Anti-communist movements -- United States
Found in 15 Collections and/or Records:
Lee J. Adamson (1906-?) was a certified public accountant, conservative activist, speaker and writer. The collection includes correspondence, articles and essays, editorial letter, speeches and writings by others, subject files and mailing lists. There also includes free-standing volumes and a package with posters and a certificate award.
Rouben Chublarian (d. 1975) was an Armenian writer who entered the United States in 1950 after having fled from Russia to Germany during World War II. The Collection includes outgoing and incoming correspondence, unidentified letters, articles, manuscripts, and miscellaneous items such as newspaper clippings.
Circuit Riders, Incorporated was a group, formed in Cincinnati, Ohio, whose purpose was to spread the gospel of Christ. However, during the late fifties and sixties the focus of the Circuit Riders expanded to include the investigation of socialist-communist infiltration into all churches, government, education and the civil rights movement. The collection includes Circuit Rider Publications and Research Files with correspondence, pamphlets and audiotapes.
Amos Fries (1873-1963) was an engineer, served in the Philippines during the Moro uprising, organized the Chemical Warfare Service, and was an advocate for conservative causes. The collection consists of biographical material, correspondence, manuscripts by Fries, others, and Elizabeth Fries, and photographs.

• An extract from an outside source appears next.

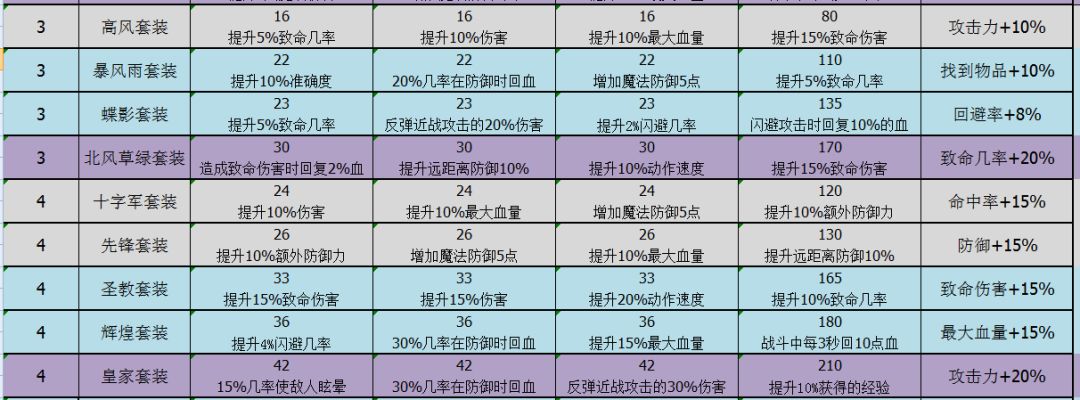 看下面的套装属性大全

Granville Frank Knight (1904-1982) was a physician and anti-communist activist. As a physician he specialized in nutrition and allergies; as president of the Pure Water Association of America he advocated against fluoridation of public water. Knight was an active member of the John Birch Society, serving as president of the California branch. The collection includes correspondence, speeches and writings that reflect Knight's career.
Robert LeFevre (1911-1986) was a conservative and later radical libertarian journalist, writer and teacher. The collection includes correspondence, literary manuscripts, speeches, organizational files, and other materials that reflect his career.

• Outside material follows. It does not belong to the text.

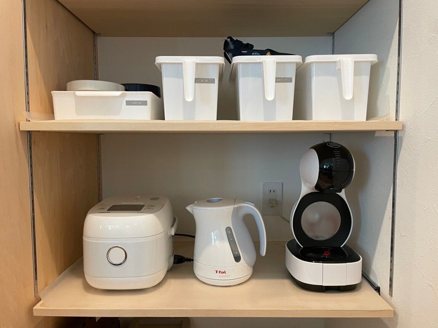 新築やリフォームを検討している方は、「既存の家電+将来必要になりそうな家電」 まで頭にいれて配置の検討をする必要があります。写真のように、必要な家電には専用の収納スペースを確保することが、キッチンを雑然とさせないコツです。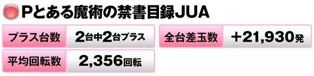 いずれも2台設置と数は少ないが、プラス台数・全台差玉数共にハイレベル。『Pとある魔術の禁書目録JUA』は粘り切っての出玉GETが平均回転数から読み取れる。

Eugene Lyons (1898-1985) was a newspaperman, foreign correspondent, editor, radio commentator and a political writer. The collection includes manuscripts, publications and letters.
Robert W. Prescott, Jr. (1914-?) was a Eugene, Oregon conservative who promoted the use of propaganda and psychological warfare to fight communism. The collection consists of Prescott's correspondence and photographs.
Frank Purinton (1895-1991) was an activist who sought to preserve the United States and Christianity from the "Communist-Zionist-Satanist" plot. He was active in the American Legion and the John Birch Society and published a patriotic Christian newsletter. The collection includes correspondence, manuscripts, and printed materials reflecting Purinton's views.
George W. Robnett (1890-1975) was an author and advertising executive, and co-founder and executive secretary of the National Laymen's Council, Church League of America. After retiring, Robnett concentrated his efforts on the Middle-East conflict and made three trips to the area. The collection includes correspondence, speeches, publications, and news clippings that reflect his work with the Church League of America and his writing.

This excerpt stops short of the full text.